The ruling, issued Friday by Judge Matthew J. Kacsmaryk of the U.S. District Court for the Northern District of Texas, determined that the Federal Reserve, the Federal Deposit Insurance Corp. and the Office of the Comptroller of the Currency exceeded their authority in their overhaul to the CRA, proposed in October. The first of the new rules enforced by the overhaul, were set to take effect Monday.
A coalition of trade groups, including the Independent Community Bankers of America, American Bankers Association and U.S. Chamber of Commerce, sued in February to block the overhaul, claiming it would discourage lending. The Texas Bankers Association, Independent Bankers Association of Texas, Amarillo Chamber of Commerce and Longview Chamber of Commerce are also among the plaintiffs.
The Fed, FDIC and OCC delayed until 2026 the implementation date of portions of the CRA rule. The most impactful of those changes would have forced large banks to include only whole counties in their assessment areas — rather than including partial counties, as they had been doing — and to update these assessment areas by April 1.
Kacsmaryk ruled that the regulators exceeded their authority by permitting banks to be evaluated not only in the geographic areas where they maintain physical branches but also in other regions where they engage in retail lending activities. Additionally, he criticized the rules for allowing regulators to assess the availability of a bank's deposit products rather than solely focusing on credit offerings within a community.
He deemed these aspects of the rules to be an overreach, exceeding the intended boundaries of the CRA, adding that the agencies did not claim authority to assess banks wherever they conduct retail lending.
“On the contrary, they have — since 1978 — limited themselves to areas surrounding deposit-taking facilities,” Kacsmaryk noted.
He further added that the Community Reinvestment Modernization Act, which was introduced four times in nine years, would have shifted the focus from deposit-taking facilities to areas where banks make loans, but it was not passed by the Congress.
“Thus, the fact that ‘Congress considered and rejected bills that would have granted the [federal banking agencies] such jurisdiction undercuts their assertion of authority,” Kacsmaryk said.
In addition to the preliminary injunction, the judge ordered that effective Monday, the rules’ implementation date be “extended day, for day, for each day the injunction remains in place.”
The plaintiffs claimed the CRA achieved its goal by offering trillions of dollars of credit to low-and moderate-income individuals in their communities for over 45 years.

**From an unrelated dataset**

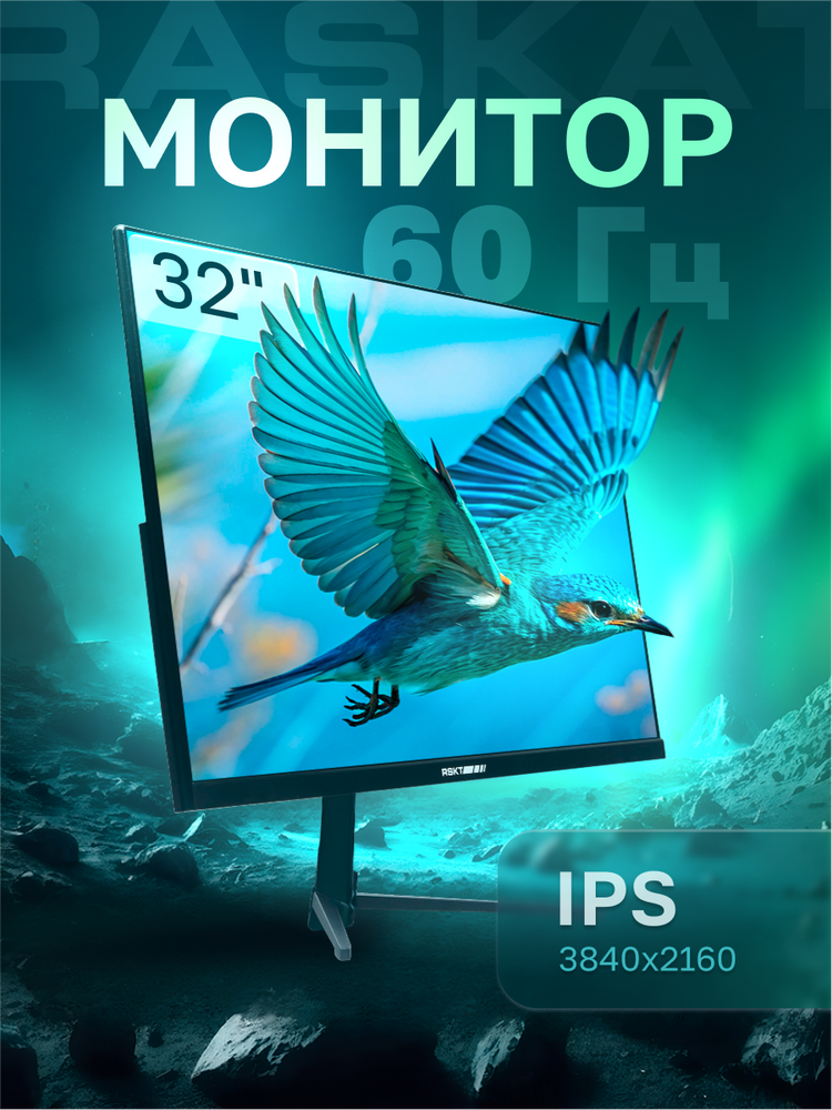 Погрузитесь в мир ярких и чётких изображений с монитором Raskat 32' I32U6D! Благодаря разрешению 3840×2160 (4K UHD) и IPS-матрице вы получите насыщенную картинку с реалистичной цветопередачей.

In 2022, banks provided more than $227 billion in capital to LMI individuals and businesses and $151 billion in community development loans, they argued, citing statistics from the Federal Financial Institutions Examination Council.
The trade groups welcomed the injunction.
“While we strongly support the goals of CRA, the Final Rules exceeded the banking agencies’ regulatory authority and created disincentives for banks to lend in low- and moderate-income communities that need access to credit the most,” the trade groups said in a statement Saturday. “We look forward to litigating this matter to a final judgment.”
The Bank Policy Institute and the ABA claimed a CRA revision must be held off until the impact of the higher capital requirements and a Supreme Court ruling on the constitutionality of the Consumer Financial Protection Bureau’s funding are known.
Under the October proposal, some banks considered large under the CRA would have been forced to redraw their assessment areas to meet the April deadline but would fall in the “intermediate” bracket under other thresholds set to take effect in 2026.